# What's in his pipe - Commander McBragg



## Requiem (Dec 6, 2008)

Now, I had never heard of this fellow, but someone else in the forum mentioned him and after I looked at some youtube videos I was delighted.










YouTube - mcbragg

So, what's in his pipe?


----------



## Jack Straw (Nov 20, 2008)

I'm thinking Squadron Leader


----------



## Davetopay (Jan 19, 2008)

The finest blend/cheapest....all depends upon who he is talking to.ound:


----------



## Lefty (Jun 5, 2007)

You didn't grow up watching The Rocky & Bullwinkle Show. FABULOUS! You'll never see a cartoon character smoking a pipe now will ya? I'm sure even Santa and Frosty have been stripped of the pipe.


----------



## commonsenseman (Apr 18, 2008)

He seems like a sophisticated gentlemen to me, I'm guessing an English blend.


----------



## Jack Straw (Nov 20, 2008)

Lefty said:


> You didn't grow up watching The Rocky & Bullwinkle Show. FABULOUS! You'll never see a cartoon character smoking a pipe now will ya? I'm sure even Santa and Frosty have been stripped of the pipe.

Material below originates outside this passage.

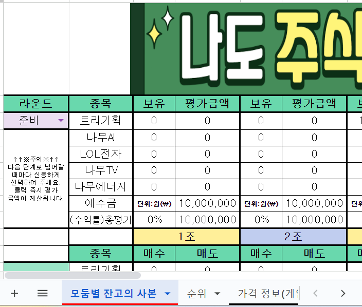 [경제수업, 자율활동]주식왕 게임(2023하반기편+주문서 자동 연동)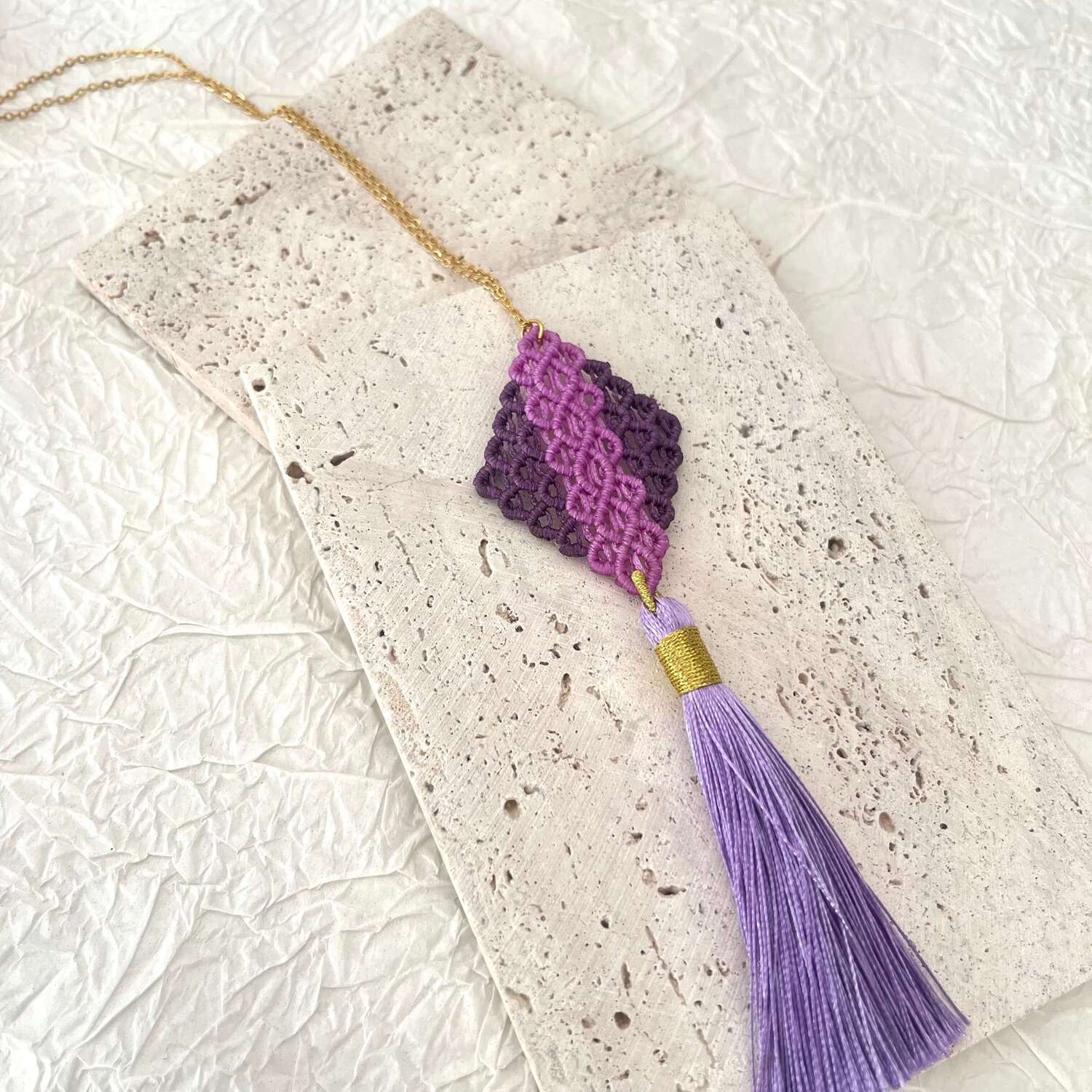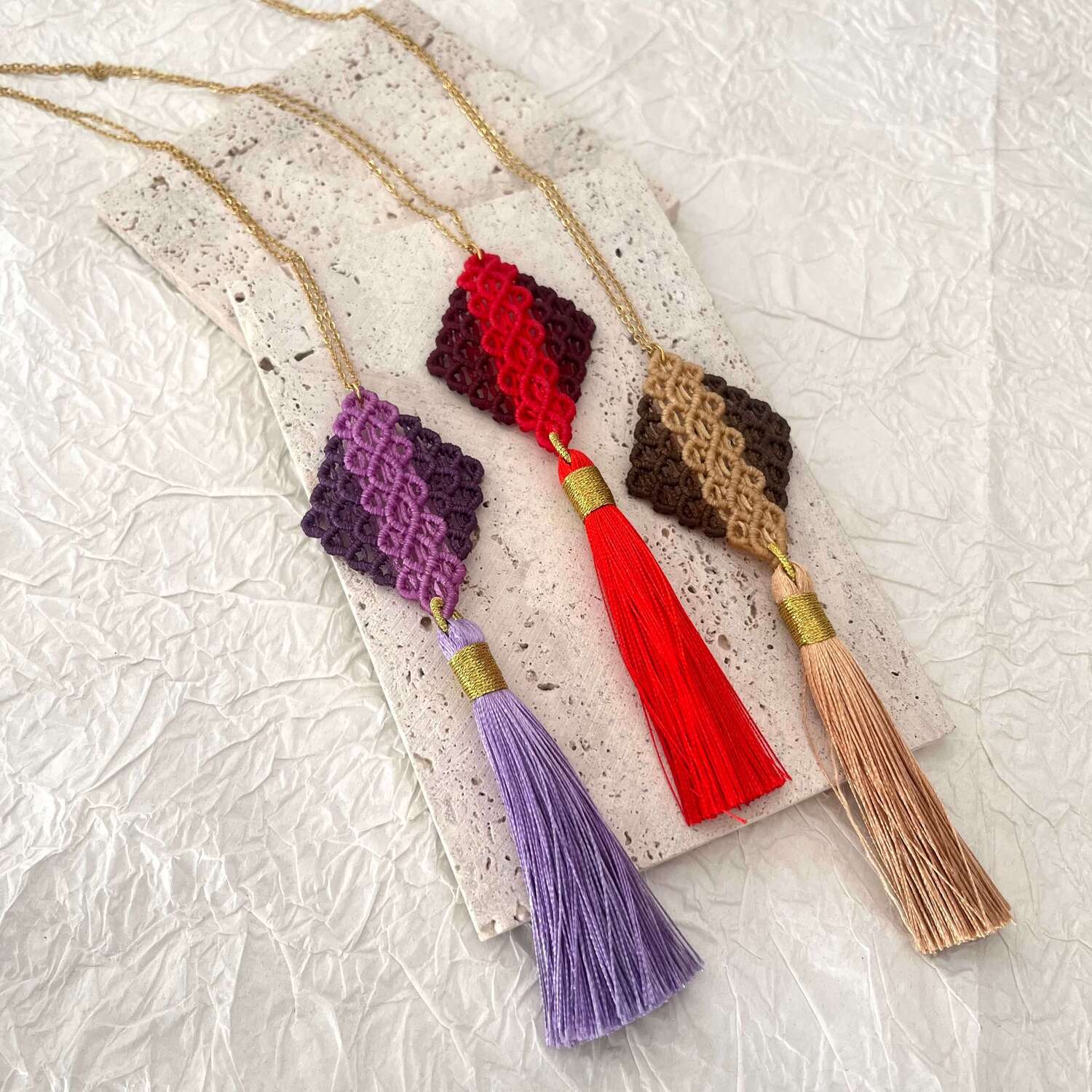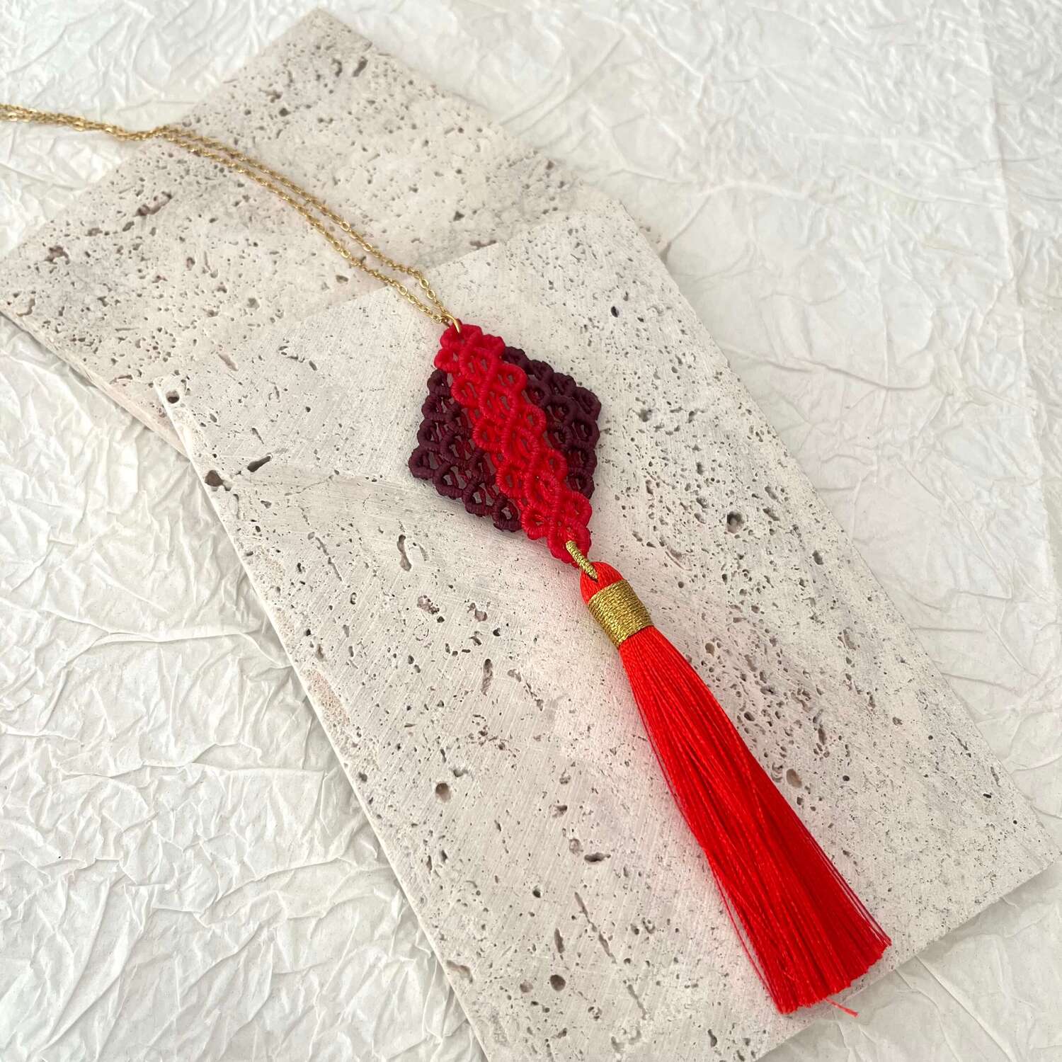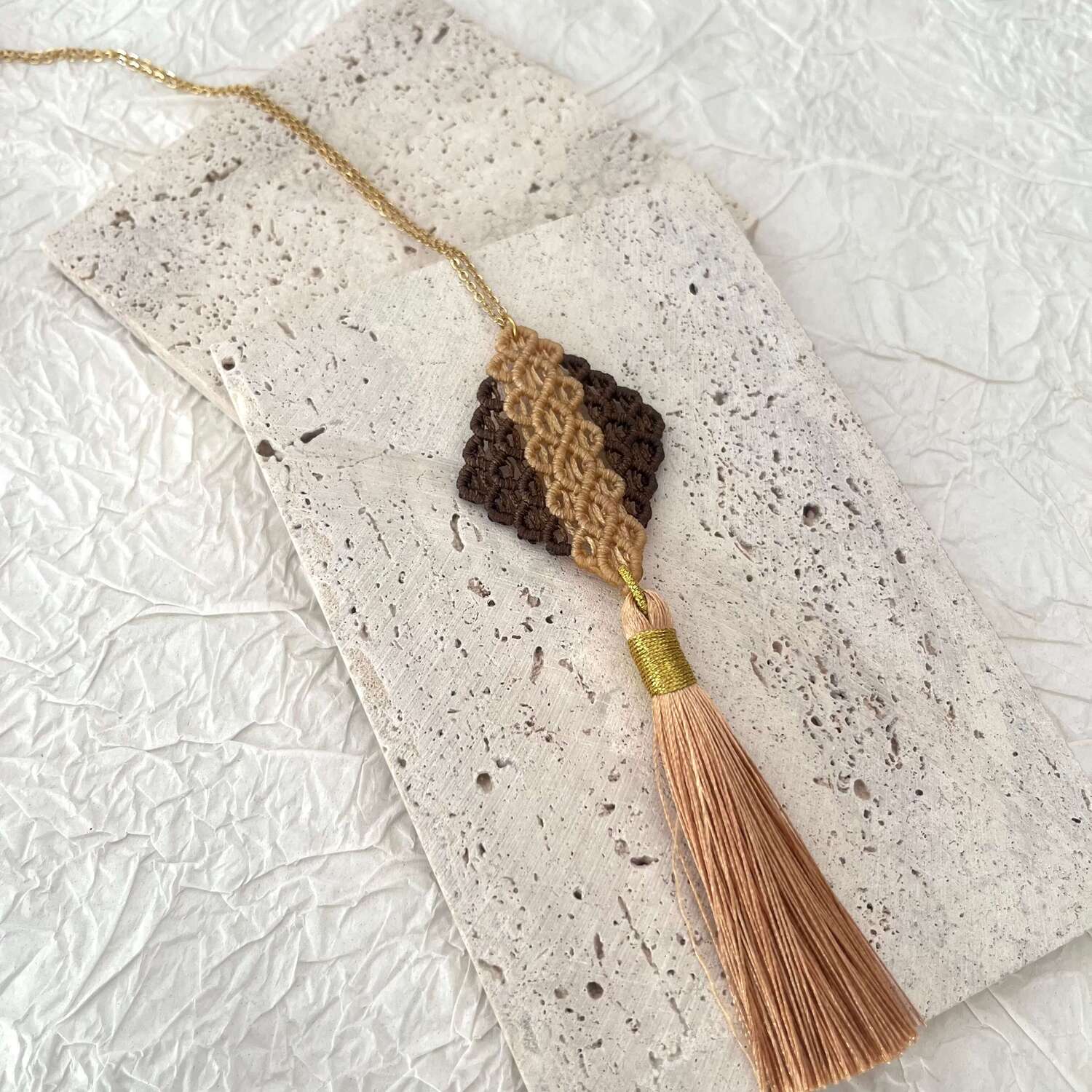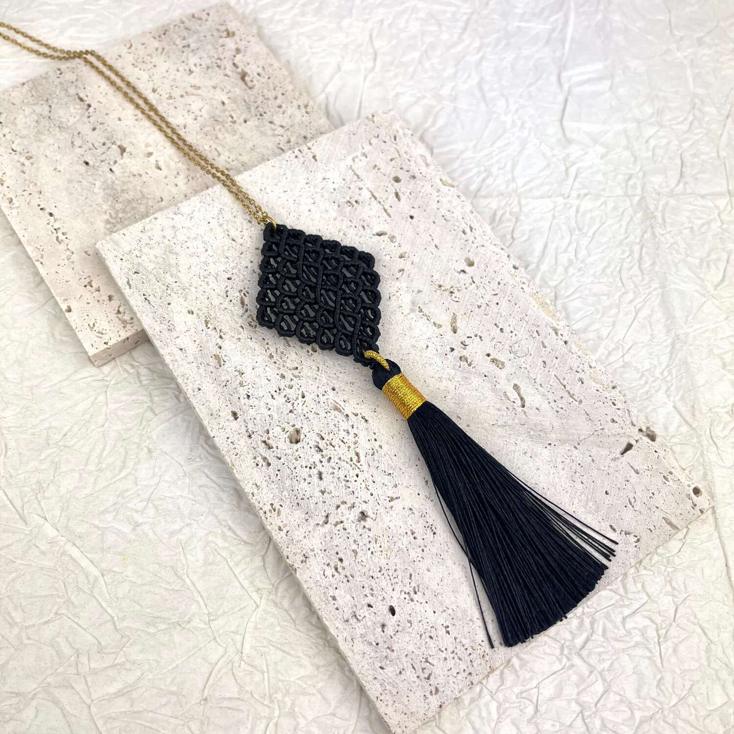 Το χειροποίητο μακραμέ κολιέ «Κυψέλη» είναι ένα κόσμημα που συνδυάζει την παραδοσιακή τέχνη του μακραμέ με σύγχρονη κομψότητα. Το γεωμετρικό μοτίβο του θυμίζει κυψέλη, σύμβολο αρμονίας, δημιουργίας και ισορροπίας. Είναι πλεγμένο στο χέρι με προσοχή στη λεπτομέρεια και ολοκληρώνεται με πολυτελή μεταξωτή φούντα, που προσθέτει κίνηση και χαρακτήρα. Ένα ξεχωριστό κόσμημα που φοριέται μόνο του και τραβάει τα βλέμματα, ή συνδυάζεται εύκολα με άλλα minimal κοσμήματα.

I thought of asking if I could dress as Santa and smoke a pipe at the office xmas party, but somehow I don't think that would go over well.


----------



## 8ball (Feb 17, 2006)

English, without a doubt.


----------



## MarkC (Jul 4, 2009)

Since I clearly remember this cartoon, I'm sure he'd claim it's something exotic we've never heard of...


----------



## Requiem (Dec 6, 2008)

Well, looks like McBragg prefers english blends, especially Squadron Leader. Did he ever told you that Squadron Leader was inspired by his heroic feats and that it's McBragg himself who's depicted in the tin?










Here's why: YouTube - Commander McBragg Ace of Aces


----------



## Lefty (Jun 5, 2007)

When I grow up I wanna be Commander Bragg.


----------